Schultz renamed Il Giornale with the Starbucks name, and aggressively expanded its reach across the United States. Schultz’s keen insight in real estate and his hard-line focus on growth drove him to expand the company rapidly. Schultz did not believe in franchising, and made a point of having Starbucks retain ownership of every domestic outlet.
On 26 June 1992, Starbucks had its initial public offering and trading of its common stock under the stock ticker. The offering was done by Alex, Brown & Sons Inc. and Wertheim Schroder & Co. Inc.
Schultz authored the book Pour Your Heart Into It: How Starbucks Built a Company One Cup at a Time with Dori Jones Yang in 1997. His second book Onward: How Starbucks Fought for Its Life Without Losing Its Soul with Joanne Gordon, was published in 2011.

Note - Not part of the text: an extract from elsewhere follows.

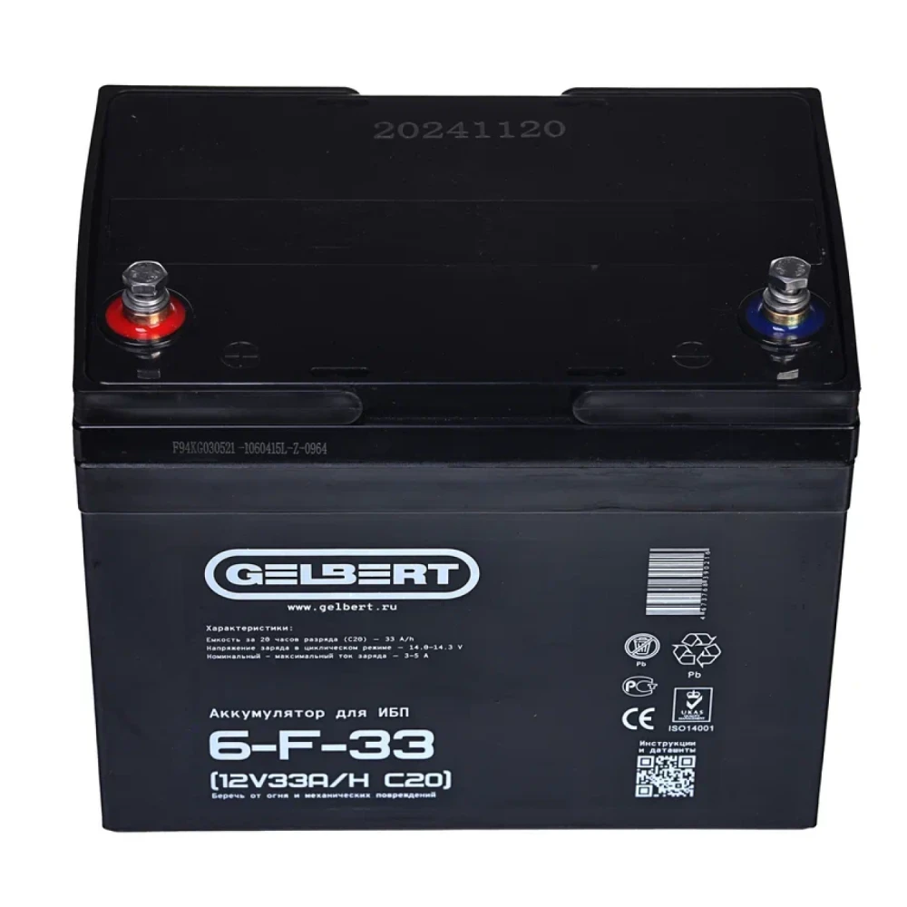 Аккумулятор для ИБП Rutrike Gelbert 6-F-33 (12V33A/H C20)

On January 8, 2008 Schultz returned as CEO of Starbucks after an eight-year hiatus. At this time, Schultz was earning a total compensation of $9,740,471, which included a base salary of $1,190,000, and options granted of $7,786,105. Schultz is a significant stakeholder in Jamba Juice.
On the first of November 2013, it was announced that Schultz had stepped down from the board of Square, to be replaced by former Goldman Sachs executive David Viniar.
Ownership of the Seattle SuperSonics:
Schultz is the former owner of the NBA’s Seattle SuperSonics. During his tenure as team owner, he was criticized for his naïveté and propensity to run the franchise as a business rather than a sports team. Schultz feuded with player Gary Payton, feeling that Payton disrespected him and the team by not showing up to the first day of training camp in 2002. On July 18, 2006, Schultz sold the team to Clay Bennett, chairman of the Professional Basketball Club LLC, an Oklahoma City ownership group, for $350 million, after having failed to convince the city of Seattle to provide public funding to build a new arena in the Greater Seattle area to replace KeyArena. At the time of the team’s sale, it was speculated that the new owners would move the team to their city some time after the 2006–2007 NBA season. On July 2, 2008, the city of Seattle reached a settlement with the new ownership group and the SuperSonics moved to Oklahoma City and became the Thunder for the 2008–09 NBA season. The sale to the out-of-state owners considerably damaged Schultz’s popularity in Seattle. In a local newspaper poll, Schultz was judged “most responsible” for the team leaving the city. Before the city of Seattle settled with the Oklahoma City ownership group, Schultz filed a lawsuit against Bennett – in April 2008 – to rescind the July 2006 sale based on what Schultz claimed was fraud and intentional misrepresentation. However, Schultz dropped the lawsuit in August 2008. When Bennett purchased the SuperSonics and its sister franchise in the WNBA, the Seattle Storm, for $350 million, he agreed to a stipulation that he would make a “good-faith best effort” for one year to keep both teams in Seattle. The sincerity of the good-faith effort was widely disputed by the way Bennett acted and by direct quotes from his partner Aubrey McClendon. On January 8, 2008, Bennett sold the Storm to Force 10 Hoops, LLC, an ownership group of four Seattle women, which kept the team in Seattle.